Differential Diagnosis

  • Acute stress disorder: stress reactions that present after an individual has experienced a life-threatening event. Symptoms last more than 3 days and less than 1 month and involve re-experiencing the event as flashbacks or nightmares, avoiding reminders, irritability, hyperarousal, and poor memory and concentration. To qualify as acute stress, the traumatic event must have occurred within a month; for PTSD, it may happen at any point in the past. Symptoms last less than a month, unlike the longer duration in those with PTSD. 
  • Adjustment disorder: psychological response to identifiable stressor, marked by emotional or behavioral symptoms that develop < 3 months from exposure and lasting < 6 months. Adjustment disorder differentiates itself from PTSD by having a less defined set of symptoms and lack of reactive symptoms to trauma (e.g., intrusion, negative mood, dissociative symptoms, arousal symptoms). Treatment involves CBT and pharmacological adjuncts (SNRIs, SSRIs).
  • Brief psychotic disorder: presence of 1+ psychotic symptoms lasting 1+ day and < 1 month. Brief psychotic disorder usually has sudden onset and is often stress related. The presence of psychotic symptoms, such as delusions or hallucinations, distinguishes this diagnosis from acute stress disorder. Also, there is a full return to baseline functioning after an episode of brief psychotic disorder. Treatment involves 2nd-generation antipsychotics and psychotherapy. 
  • Panic disorder: chronic psychological disorder marked by recurrent and episodic panic attacks that occur abruptly and without a trigger. The episodes last from minutes to hours. Panic disorder is associated with anxiety or fear of having another attack or of its complications and some behavioral changes. Posttraumatic stress disorder can be distinguished by careful review of the onset of the anxiety and arousal symptoms.

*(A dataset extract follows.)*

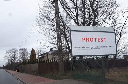 Billboard i baner protestacyjny przy głównych drogach Wierzbicy - to efekt braku porozumienia Federacji z kierownik miejscowego ośrodka pomocy społecznej po kolejnej już turze mediacji wznowionego sporu zbiorowego, wszczętego jeszcze w 2016 r. Pomimo druzgocącego dla pracodawcy wyroku Sądu Najwyższego w/s przywróconych do pracy strajkujących pracowników GOPS - postulaty Federacji w zakresie przestrzegania praw i wolności związkowych niestety pozostają aktualne.

Intrusive symptoms, as well as negative mood changes associated with PTSD, are often not present in panic disorder.


  1. Sadock, BJ. Sadock, VA, & Ruiz, P. (2014). Kaplan and Sadock’s synopsis of psychiatry: Behavioral sciences/clinical psychiatry (11th ed.). Chapter 11, Trauma and stressor-related disorders, pages 437–446. Philadelphia, PA: Lippincott Williams and Wilkins.
  2. Nutt, DJ, & Malizia, AL. (2004). Structural and functional brain changes in posttraumatic stress disorder. The Journal of clinical psychiatry, 65 Suppl 1, pages 11–17.
  3. Mann, SK, Marwaha, R. Posttraumatic stress disorder. [Updated 2021 Feb. 20]. In: StatPearls [Internet]. Treasure Island (FL): StatPearls Publishing.